═══ Exercise inputs
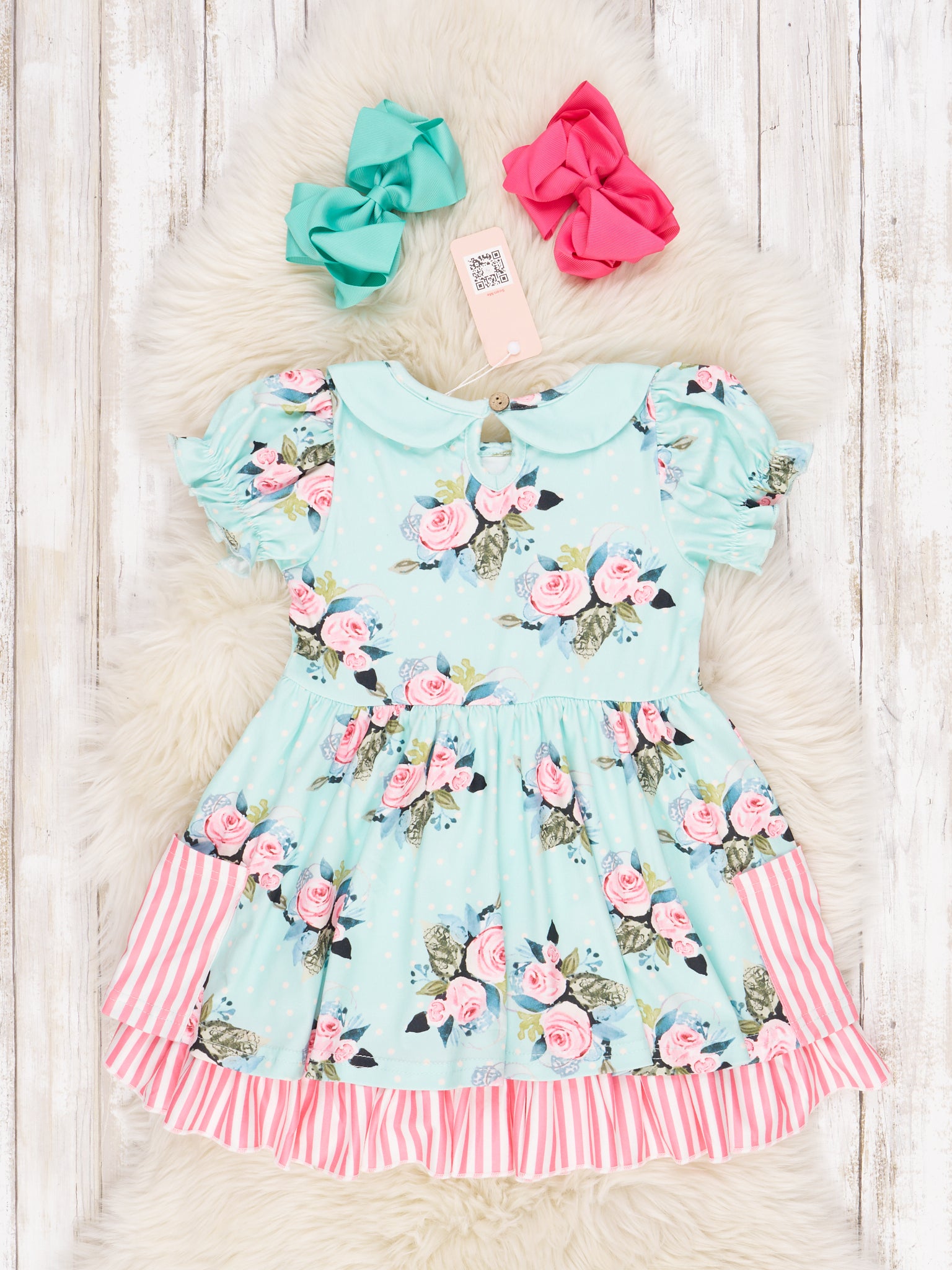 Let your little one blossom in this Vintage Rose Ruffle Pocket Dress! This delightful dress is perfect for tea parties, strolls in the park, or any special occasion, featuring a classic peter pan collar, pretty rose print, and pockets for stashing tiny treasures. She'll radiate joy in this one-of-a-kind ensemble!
══════
═══ Exercise inputs
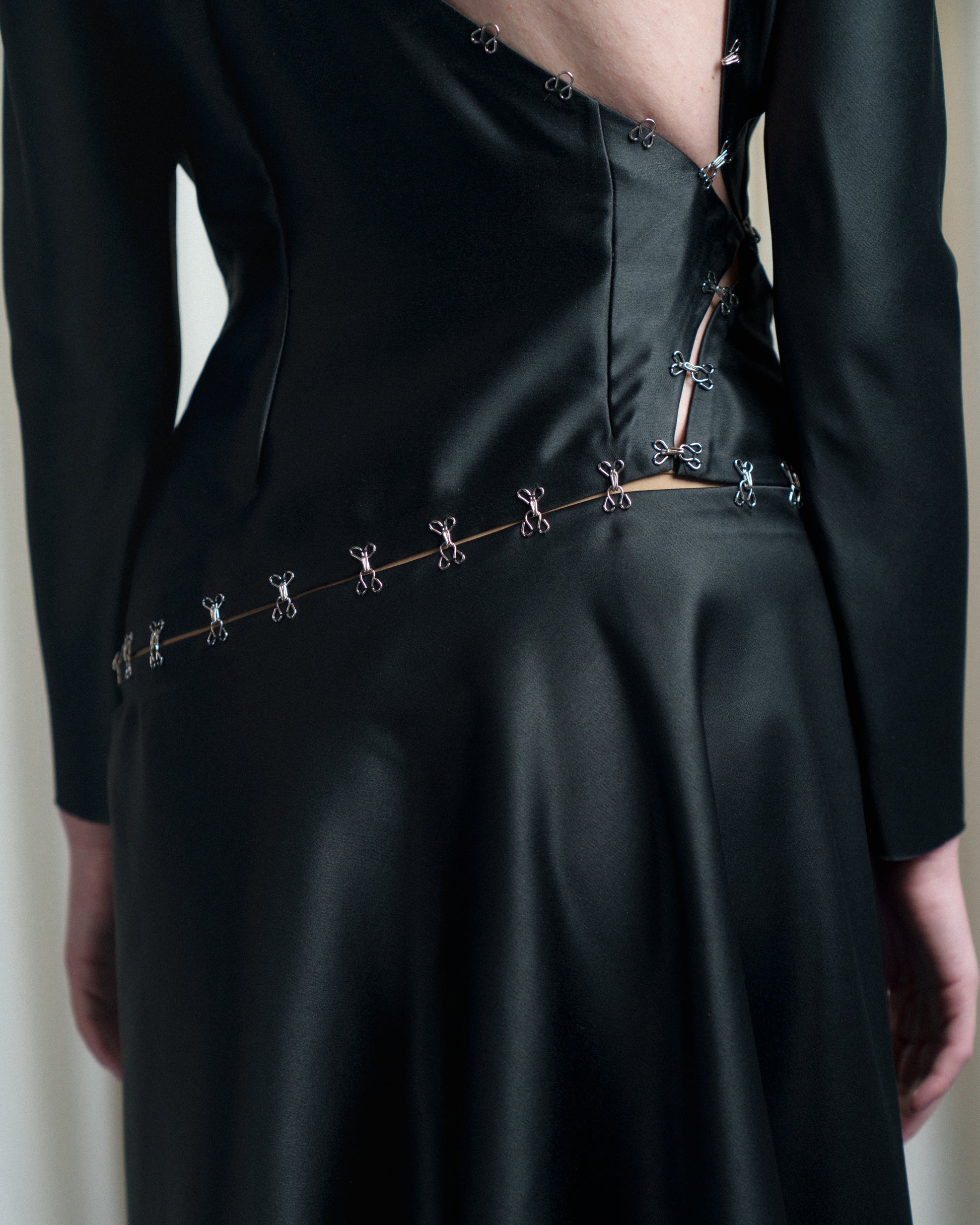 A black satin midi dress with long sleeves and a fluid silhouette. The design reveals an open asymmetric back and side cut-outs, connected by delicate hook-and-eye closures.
══════
═══ Exercise inputs
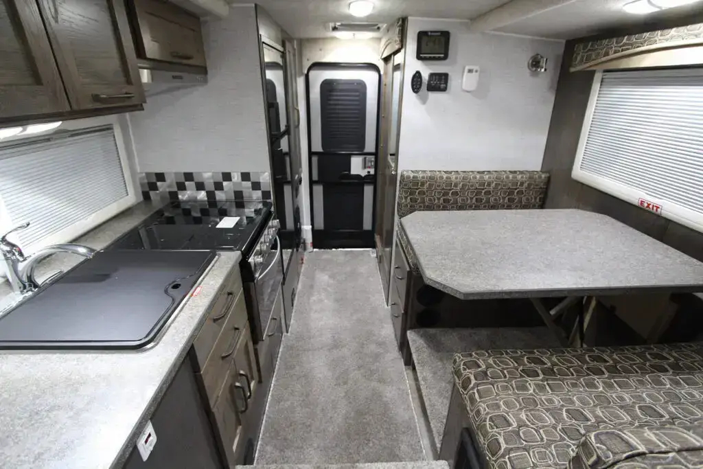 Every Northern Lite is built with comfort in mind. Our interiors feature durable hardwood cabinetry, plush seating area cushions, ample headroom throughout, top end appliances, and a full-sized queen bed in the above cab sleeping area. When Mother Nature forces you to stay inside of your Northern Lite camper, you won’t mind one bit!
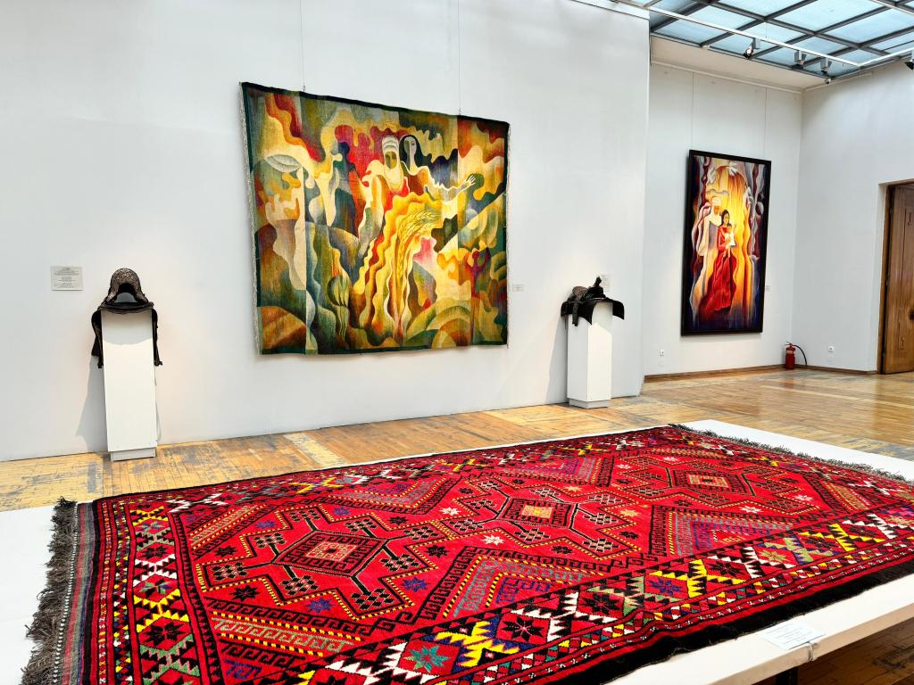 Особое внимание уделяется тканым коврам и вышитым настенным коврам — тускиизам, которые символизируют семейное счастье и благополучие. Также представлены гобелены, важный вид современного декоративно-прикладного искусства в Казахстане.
══════
Task prompt:
Look above for the line with "Every Northern Lite" and the line with "Особое внимание уделяется", then restate exactly those two lines and all lines between them, with no pictures.

Solution:
 Every Northern Lite is built with comfort in mind. Our interiors feature durable hardwood cabinetry, plush seating area cushions, ample headroom throughout, top end appliances, and a full-sized queen bed in the above cab sleeping area. When Mother Nature forces you to stay inside of your Northern Lite camper, you won’t mind one bit!
 Особое внимание уделяется тканым коврам и вышитым настенным коврам — тускиизам, которые символизируют семейное счастье и благополучие. Также представлены гобелены, важный вид современного декоративно-прикладного искусства в Казахстане.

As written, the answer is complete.